Probabilistic Operator Learning Framework

• Probabilistic Operator Learning Framework is a method that models mappings between infinite-dimensional function spaces with intrinsic stochastic noise.
• It employs stochastic processes via SDE-driven branch networks and leverages the stochastic maximum principle with adjoint BSDEs for efficient training.
• This approach enables accurate surrogate modeling for stochastic PDEs and noisy systems by capturing both mean behavior and pointwise uncertainty.

A probabilistic operator learning framework provides a mathematically rigorous and computational approach for learning mappings between infinite-dimensional function spaces where intrinsic stochasticity, noise, or uncertainty is present. These frameworks are central for scientific computing, surrogate modeling of stochastic or random partial differential equations (PDEs), and anywhere the underlying operator exhibits non-negligible variability in its input-output relations. Recent developments, such as the Stochastic Operator Network (SON) (Bausback et al., 10 Jul 2025), address the direct quantification and propagation of operator uncertainty—eschewing purely deterministic architectures in favor of models that learn and predict both mean behavior and pointwise uncertainty.

1. Motivation and Conceptual Foundations

Classical operator learning methods such as DeepONet and Fourier Neural Operator (FNO) are deterministic; their predictions are entirely characterized by point solutions even when the true solution operator is stochastic (e.g., solutions to SDEs/SPDEs, data corrupted by process noise, stochastic parameter dependencies). Previous uncertainty quantification (UQ) solutions—Bayesian neural operators, Monte Carlo dropout, information bottleneck, or ensembles—tended to focus on epistemic uncertainty (model parameters) or exogenous input noise, rather than capturing intrinsic "operator noise," i.e., stochasticity that is a fundamental property of the mapping itself.

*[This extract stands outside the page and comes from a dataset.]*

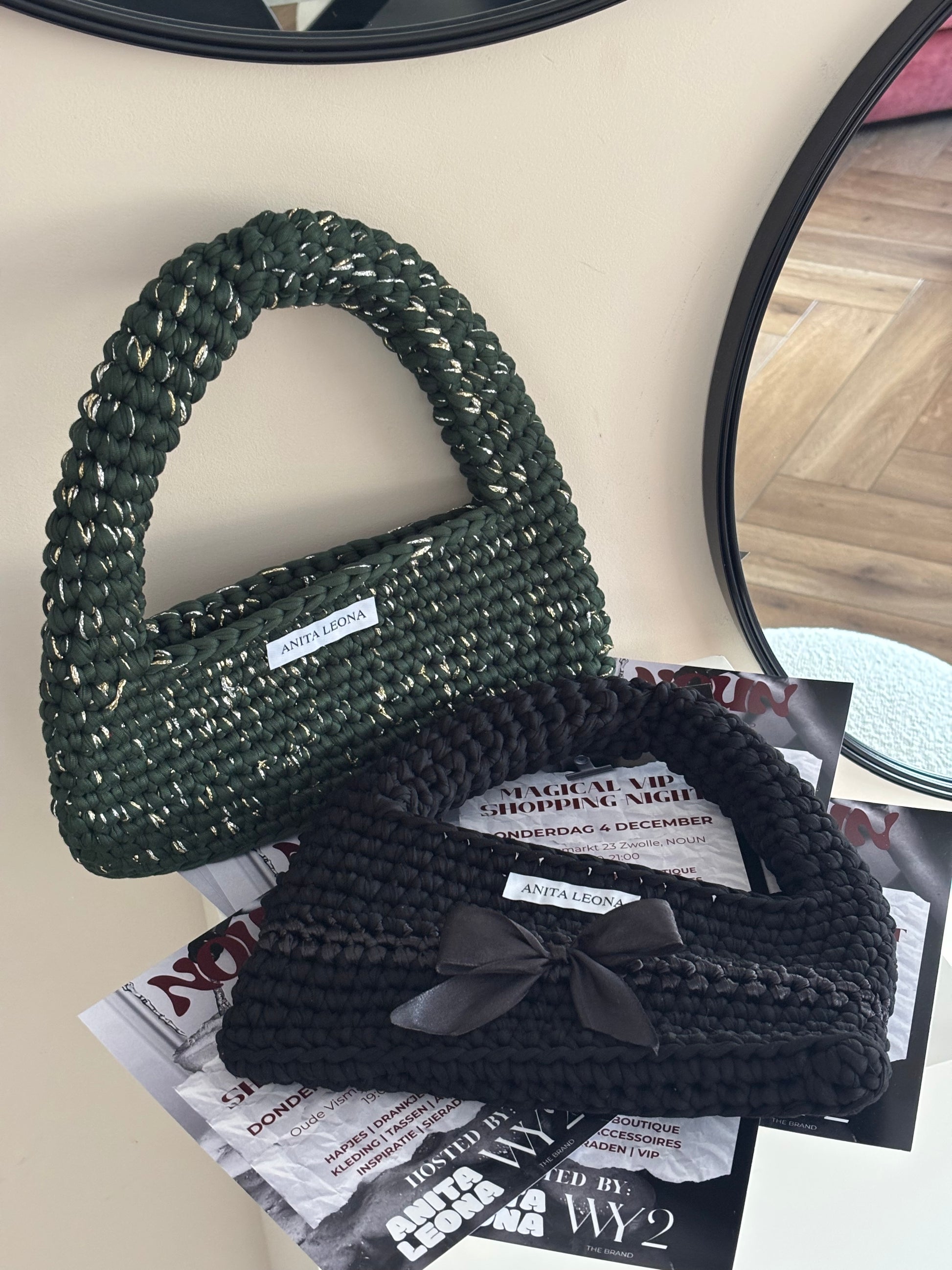 Deze elegante zwarte tas is dé finishing touch voor iedere feestelijke outfit. Afgewerkt met een stijlvol zwart lint en een prachtige strik.

Probabilistic operator learning frameworks systematically lift operator learning from deterministic function approximation to the level of learning function-valued random mappings, providing direct access to the conditional distribution of the output function, not merely its expectation.

2. Stochastic Operator Network (SON): Operator Networks with SDE-driven Branches

The Stochastic Operator Network (SON) (Bausback et al., 10 Jul 2025) exemplifies this shift by making the branch network of the classical DeepONet architecture a stochastic process—specifically, the solution to a stochastic differential equation (SDE):

$$A_{n+1} = A_n + h\,\mu(A_n, \theta_n) + \sqrt{h}\,\sigma(\theta_n) \omega_n$$

where:

• $A_n$ is the neuron activation at layer $n$
• $\mu(\cdot)$: trainable drift (deterministic part)
• $\sigma(\cdot)$: trainable diffusion (models stochasticity, i.e., uncertainty)
• $\omega_n$: i.i.d. standard normal variables

In the continuous limit $h \to 0$:

$$A_T = A_0 + \int_0^T \mu(A_t, \theta_t) dt + \int_0^T \sigma(\theta_t) dW_t$$

where $W_t$ is Brownian motion.

This SDE-driven representation causes the operator's output to be an explicit random variable, with the learned diffusion $\sigma(\theta_t)$ parameterizing pointwise uncertainty.

The SON operator prediction at location $y$ is: $$\hat{G}_{SON}(u)(y) = \langle\,\beta(u; \theta_\beta, \epsilon),\, \tau(y; \theta_\tau)\,\rangle + b_0$$ where $\beta(\cdot)$ is the (random, SDE-driven) branch output, and $\tau(\cdot)$ is the trunk output.

3. Training via the Stochastic Maximum Principle and Adjoint Backward SDEs

SON reframes operator learning as a stochastic optimal control problem, incorporating the Stochastic Maximum Principle (SMP). The expected terminal loss is:

$$J(\theta) = \mathbb{E}\left[ \Phi(A_T, \Gamma) + \int_0^T r(A_t, \theta_t)\,dt \right]$$

Contrary to standard backpropagation, SON uses forward-backward SDEs for optimization:

• Forward SDE (data/branch network):

$$dA_t^* = \mu(A_t^*, \theta_t)dt + \sigma(\theta_t)dW_t$$

• Backward SDE (adjoints):

$$dB_t^* = -\left[\,r_a(A_t^*, \theta_t^*) + \mu_a^\top B_t^* + \sigma_a^\top C_t^*\,\right]dt - C_t^*dW_t$$

where $B_t^*$, $C_t^*$ serve as adjoint sensitivity processes.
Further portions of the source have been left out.